WHY IS A SOLSTICE SO IMPORTANT?
Today, we mistakenly believe in our dominion over nature. But this confidence is a very new phenomenon. The great stone monuments that survive to this day bear testament to a deep anxiety in the relationship of man to his environment and provides proof that humanity did not take its existence so much for granted.
Predicting the winter solstice was of great importance. Why? Because our ancestors saw the nights of winter lengthening and, as precious daytime dwindled, so was lost the light and warmth to grow food. What if this process was irreversible so the sun disappeared forever? Rather than be helpless victims of their fate, people would take matters into their own hands by making sacrifices of precious food, possibly even human life, to propitiate their gods. But timing is everything, hence having the mechanism to predict the dates of solstice was critical; although Stonehenge was aligned with the summer solstice, many other sites were constructed to divine the shortest day. On the winter solstice all effort was expended to ensure the next day would be slightly longer, turning the tide of creeping darkness.

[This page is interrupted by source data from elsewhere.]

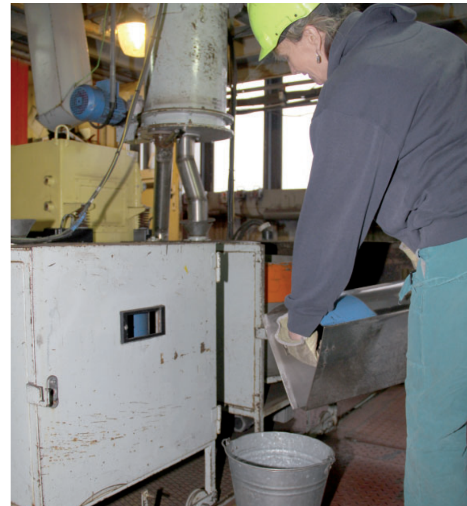
Kvartovač, neboli kolotoč, vzorek rozdělí, vzorkařka ho ale musí připravit k dalšímu zpracování.

Protože vzorkování probíhá čtyřadvacet hodin, pracují i vzorkařky v nepřetržitém provozu na směny. Jejich denní režim je poměrně nabitý. Po ranním příchodu do vzorkovny, která se nachází v nakládacím zásobníku v lokalitě Hrabák, je třeba nejprve „uzavřít“ vzorek z předchozího dne a následně začíná celý kolotoč činností, které musí za směnu stihnout. Na prvním místě je „zalogování“ se do počítače, protože veškeré kroky, které se týkají vzorkování, jsou evidované. Následně z odebraný vzorek informace o denní nakládce a potom zadá „rodné číslo“ (tzv. SVC - samostatně vzorkovaný celek) k novému vzorku pro další dodávku. „Neustále je přítom v kontaktu s nakládkou a výrobou. Komunikace s dispečerem je také jednou z důležitých činností, protože vzorkaři jsou vlastně také tak trochu očima a prodlouženými rukama výrobních dispečerů,“ připomněl vedoucí laboratoří. Řada činností je dnes řízena počítačově, vzorkovna je sítí propojena s laboratoří, ale také dispečeri mají na monitorech informace z popeloměrů umístěných v nakládacím zásobníku. Neméně důležitou součástí práce je i kontrola technologie, jinak řečeno, zda všechna zařízení, i když pracují v automatickém režimu, pracují
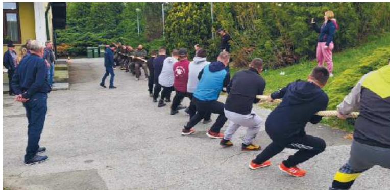
Pokal ostaja v rokah Lovske družine Sv. Jurij Jurovski Dol
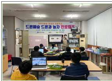
군집비행예술 코딩드론, 드림하이

‘방과후마을학교’는 수요자 부담없이 운영할 예정이며, 공모를 통해 선정된 꿈바탕교육협동조합 의 ‘방과후마을학교’ 프로그램을 아래와 같이 안내하오니, 이 프로그램에 참여를 원하는 학생들은 해당기관에 신청하여 주시기 바랍니다.
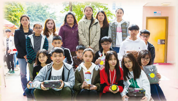
一眾家教會家長委員與獲得聖誕抽獎禮物的同學合照
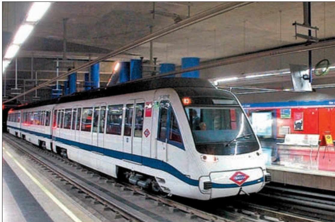
Una de las estaciones de Metro de Madrid

El horario fijado para los paros del día de Nochebuena y del día 26 será de 5.50 a 8.50 horas. Ya el día 27 de diciembre, los paros parciales se desarrollarán de 17.30 a 20.30 horas. Ese mismo día también habrá una manifestación de trabajadores a partir
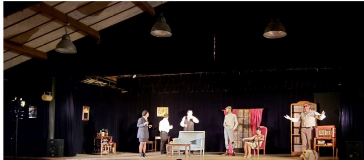
"Le repas des fauves", une soirée qui ne manquait pas de mordant!

L'association In § Off ouvrait sa saison vicoise salle polyvalente samedi soir avec une pièce de Vahé Katcha Le repas des fauves interprété par 8 acteurs de la troupe "Les pieds dans le plat" de Tarbes.
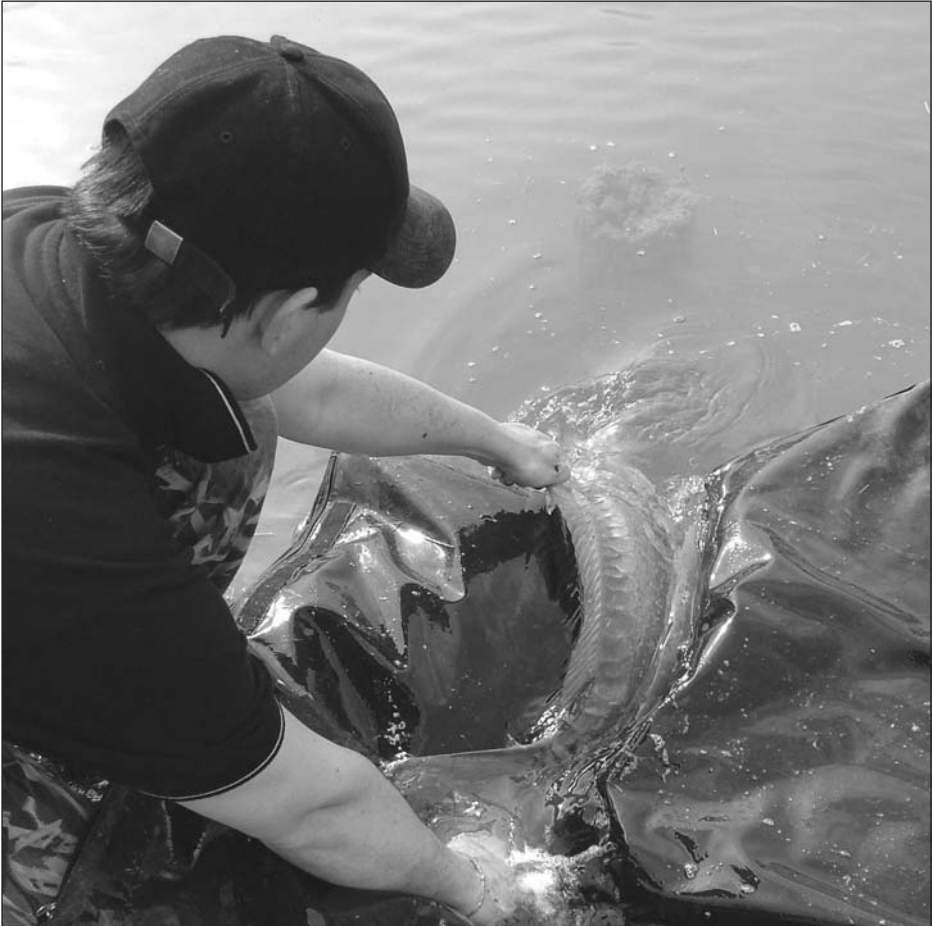
Momenti magici del carp fishing: il catch and release.

una volta nella vita, hanno sperimentato. Rimane ora solo una variabile da spiegare con maggior dettaglio per impostare le basi della disciplina di pesca: il catch and release.
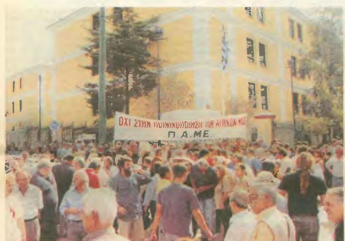
«Εξοικονόμηση» πονη πέμπτη μισθών φυλάκισης με τριημέρη αναστολή σε βάρος επτά στελεχών του ΠΑΜΕ, με αφορμή την κατάληξη του ιστορικού εργατοσυντάξεων, το 2001 (φωτογραφία βέλγη), η γκαλερί του ΠΑΣΟΚ επιχειρείται να δικαιώσει το δικαίωμα των εργαζομένων να αγωνίζονται. Ανάπτυξη, υστέρηση, υστέρηση, πηγε υμώνας από χιλιάδες εργαζομένους, που συγκεντρώθηκαν έξω από το δικαστήριο.

Ο συνδικαλιστικός αγώνας δε δικάζεται, δεν ποινικοποιείται, δε φυλάσσεται, σημαίνει η δικαιοσύνη του Σωματείου Εργαζομένων Ναυπηγικών Ελευσίων, εκφράζοντας την αντίθεση στη διαδήλωση και καταδήλωση των συνδικαλιστών.
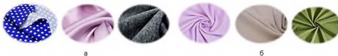
Рисунок 3 – Популярные материалы: а – первой половины 20 века – хлопок, шелк, шерсть; б – второй половины 20 века – флис, кашкорсе, дюспо

К 1990 годам химическая промышленность в области производства тканей вышла на существенно новый уровень. Текстильный ассортимент пополнили бифлекс, микрофибра, флис, дюспо, сатен и многие другие материалы. Ткани также отвечали необходимым требованиям, при этом имели относительно небольшую стоимость. Эти материалы стали носить круглогодично. На рисунке 3 б представлены материалы популярные в начале 1990-х годов [6].
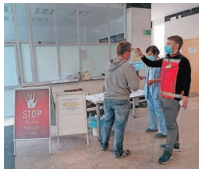
Pri vhomu v zdravstveni dom ostaja vstopna točka, kjer vsakega naročenega pacienta sprejmejo in mu tudi izmerijo telesno temperaturo.

Vsi pacienti se morajo pred prihodom v zdravstveni dom naročiti na pregled, torej poklicati po telefonu ali se naročiti po elektronski pošti. Za nujne paciente je poskrbljeno v Službi nujne medicinske pomoči, ki deluje v sklopu Urgentnega centra Jesenice v bolnišnici.
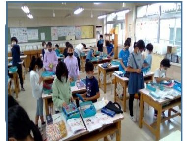
家庭科と3年生音楽でICTを活用した取組
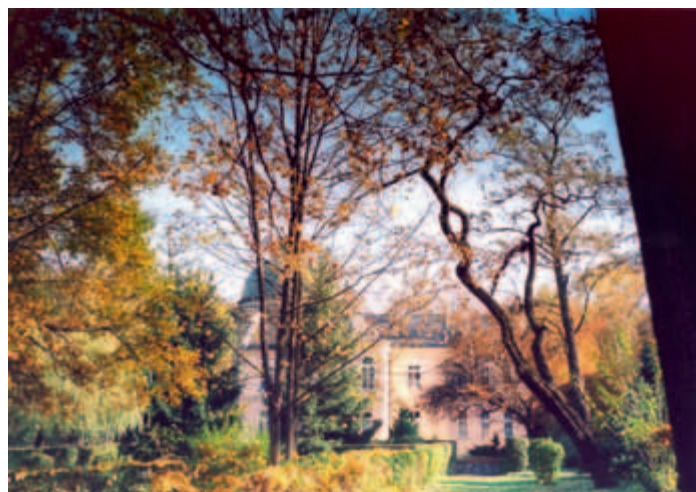
Park Jerzmanowski
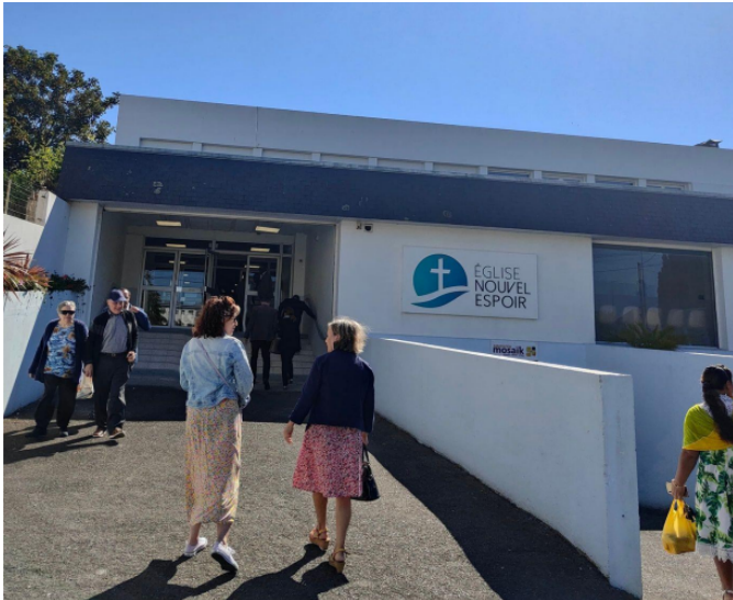
Annexe 2 : Position géographique des Églises à Brest
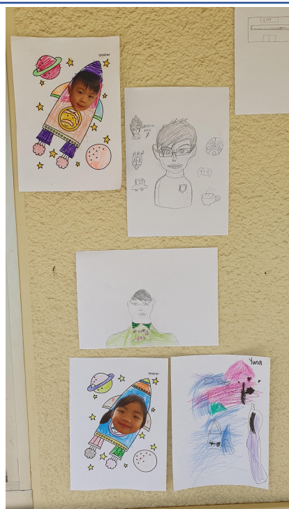
同學們心目中的爸爸
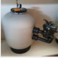
Lot n° 104 Filtre à sable SKYPOOL Side D500 (PV 250 € TTC) Mise à prix : 60 €
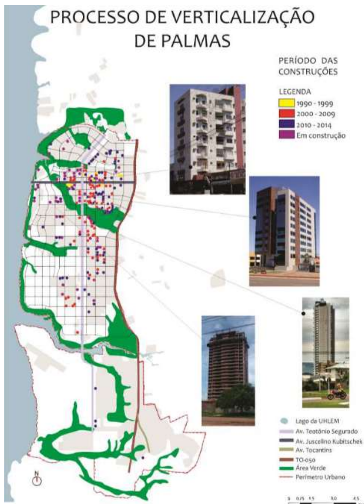
Figura 6: Mapa do processo de verticalização em Palmas.
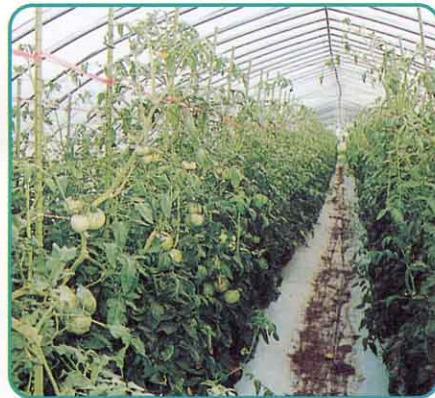
▲ せいしょく 生食トマトのハウス栽培 さいばい
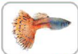
화려한 색에 반하다, 구피
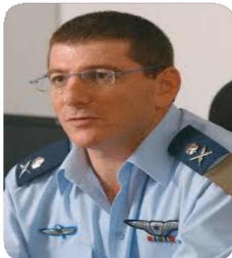
El excomandante de la Fuerza Aérea de Israel, mayor general (retirado)
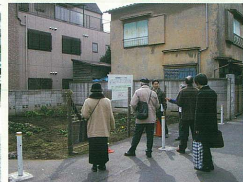
上三ふじ広場用地
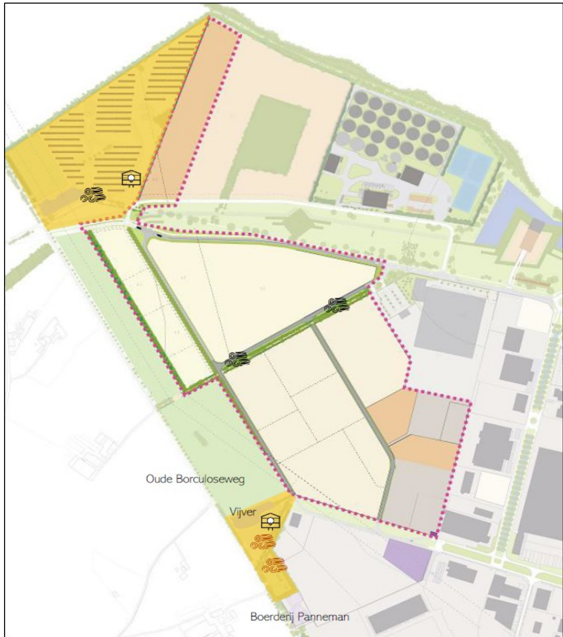
Figuur 4. De locaties van de permanente alternatieve voorzieningen voor bunzing, wezel en hermelijn. De boomstammen weergeven de locaties van 5 takkenrillen. De huisjes weergeven de locaties van 2 marterhopen. De takkenrillen in het zuiden (rood gemarkeerd) zijn reeds geplaatst op 14 december 2021. De zwart weergegeven 3 takkenrillen én de 2 marterhopen zijn in week 6 (7 tot 11 februari) van 2022 aangebracht.
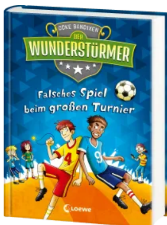
Der Wunderstürmer (Band 7) - Falsches Spiel beim großen Turnier Hardcover
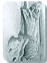
Crucifix XVe s.
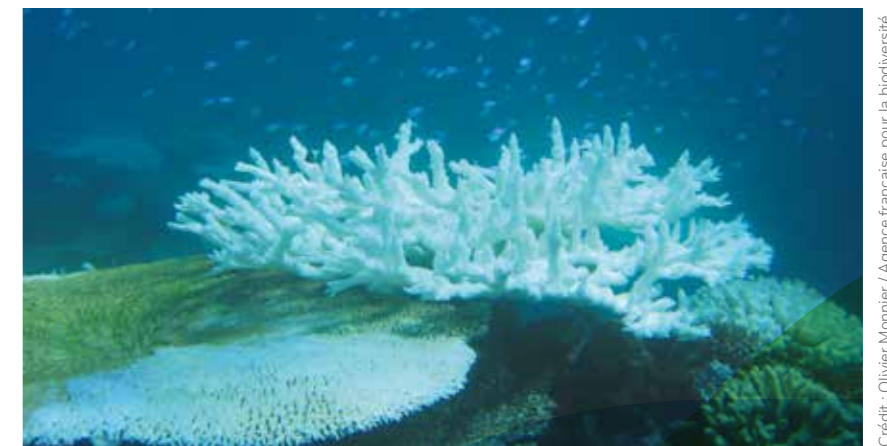
Les récifs coralliens sont la grande victime du réchauffement climatique. Or ils fournissent l'essentiel de la production alimentaire et des revenus à 30 millions de personnes.
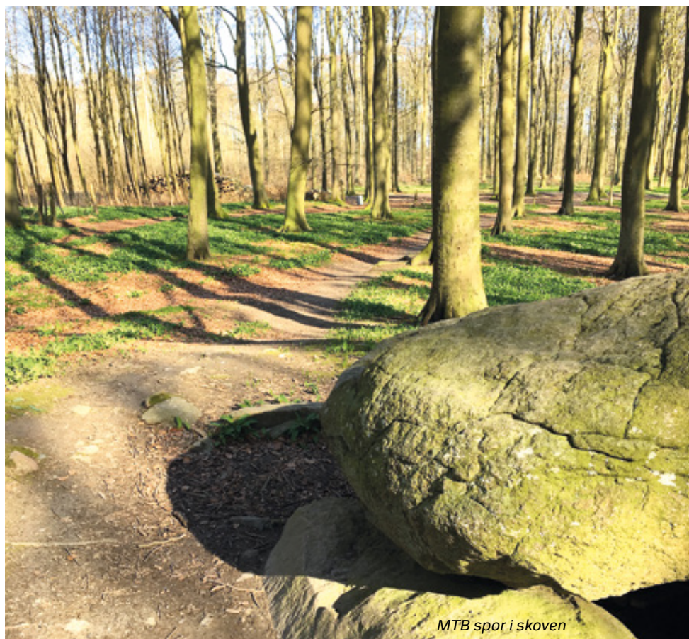
MTB spor i skoven

i en forholdsvis kraftig type (Lyngby-type) – op til 14 cm lang, en kortere og spinklere type samt en kort type. Selv de korteste er forholdsvis store, mere end 5 cm lange. Man mener at denne ændring i jagtvåben afspejler et skift fra anvendelse af kastespyd og over til brug af bue og pil. Dette skift til et lettere våben, har også haft betydning for valg af jagtvildt.
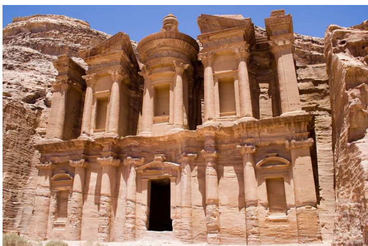
آثار بر جای مانده از شهر پترا در شمال عربستان

غیرتمند و متعصب عرب را به منظور انجام کارهایش به استخدام در می آورده که شخص محمد یکی از آنان و نمونه ی غیر قابل انکار این گونه مردان بوده و هست! و همین بانوی اول اسلام است که بنا بر يك سنت مادر سالاری و زن تباری از محمد خواستگاری به عمل می آورد!
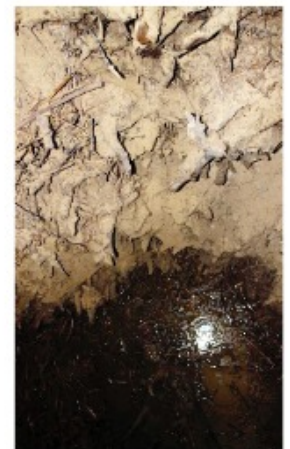
Бір ғасырдай қызмет өткен ауыстыруды қажет ететін, отырған көне дүзген шеген.

Аралдың солтүстігіндегі осы құмды алқаптарда шеген салудың халықтық білімін аталан балаға мұра етіп сақтап отырған, қолдағы малын суаруға шеген құдықты қолданатын ағайымды әлі кездестіруге болады. Құдық суы тарқан сайын оны береді. Дүзген мен көкбұта шегеннің табиғи сүзгісінен өткен құдықтың мол суы 100 жылқыны бір уақытта суаруға жетеді. Бұл өңірде суы мол, тез өнетін құдықты қарағаз құдық деп атау қалыптасқан.
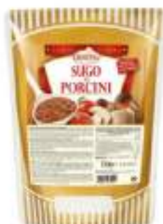
SUGO DI FUNGHI PORCINI busta 700
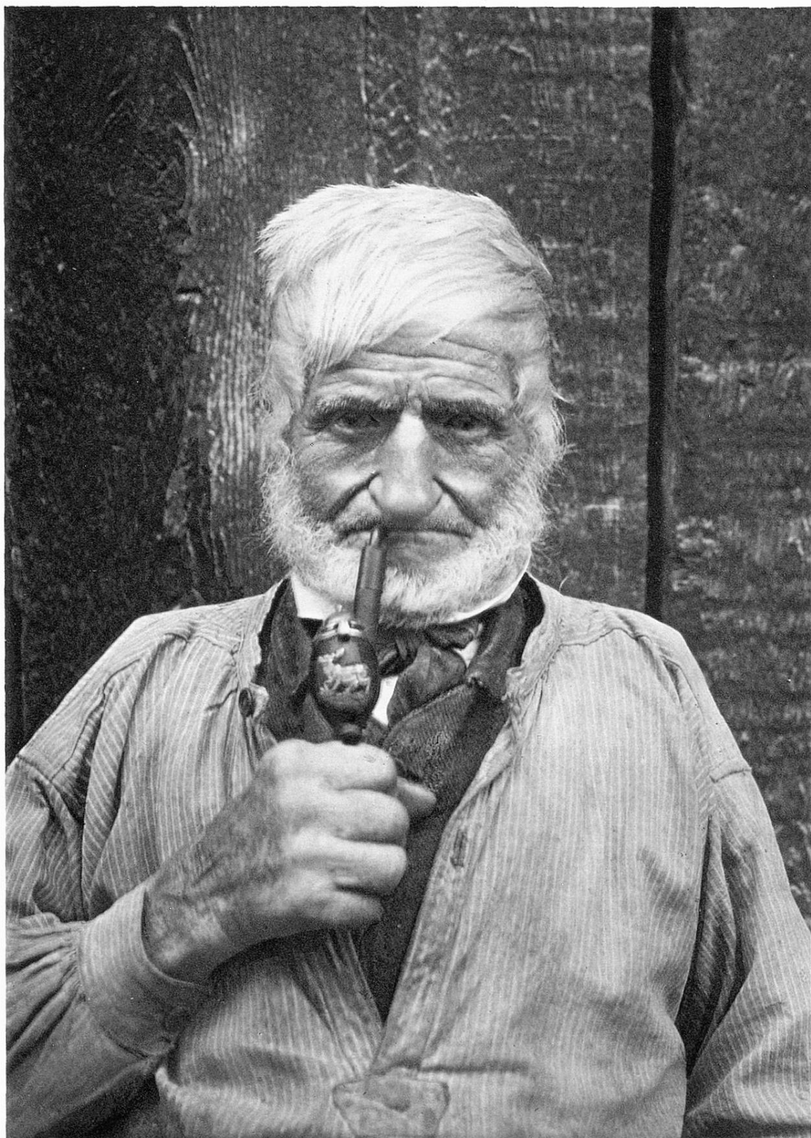
Hundertjähriger Junggeselle † in Marmorera (Graubünden)

Célibataire de 100 ans † à Marmorera (Grisons)
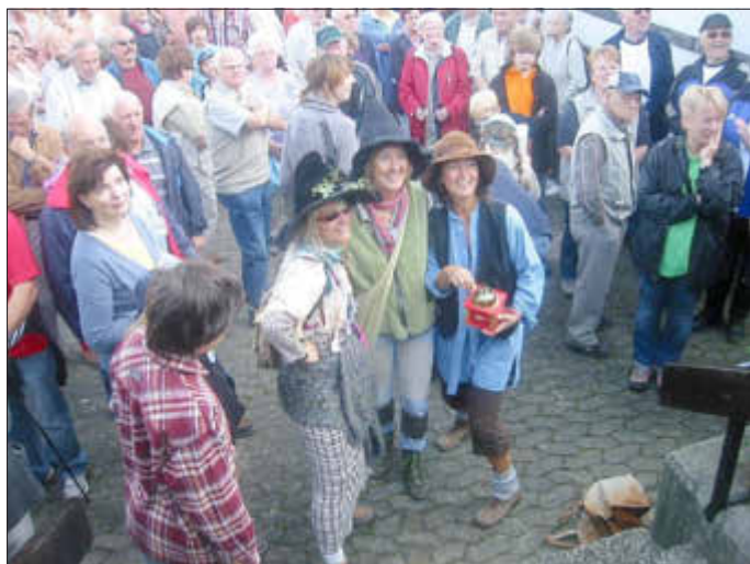
Ein Erinnerungsbild vom Sportkreis-Wandertag 2011, den der TSV ausrichtete, hier mit drei ganz besonderen Wandergästen in der Mitte
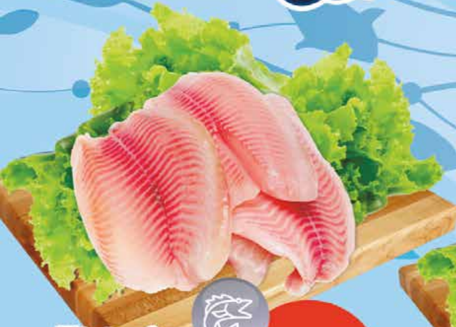
Filete de mojarra
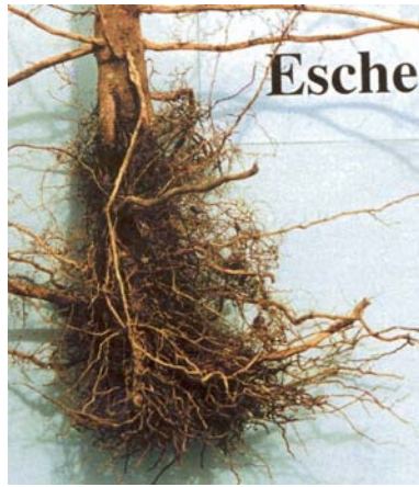
Esche vor fünf Jahren mit dem Pflanzlochbohrer auf bindigem Boden und zu kleinem Bohrdurchmesser eingebracht. Folge: Blumentopfeffekt; Sekundärwurzelsystem am Wurzelhals im humosen Oberboden.
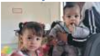
Capacitación - madres cabeza de familia - Bogotá

The tribes of Britain that came later, whether ‘Celtic’ or Anglo-Saxon, were no different in recognising the significance of the solstice. The British celebrated them as fire festivals and the Germanic settlers brought their own geol (yule) and middsumer or litha celebrations. Deep into the middle ages people lit bonnefyres or good fires of ‘clean’ wood on midsummer eve and burnt the yule log to mark midwinter.
Maybe it is hubris that climate change and dire weather now reminds us that perhaps our ancestors had humanity’s place correctly entered in the scheme of things, all along? Or do we have to discover the importance of the solstice as a way of regaining humility in front of the created world?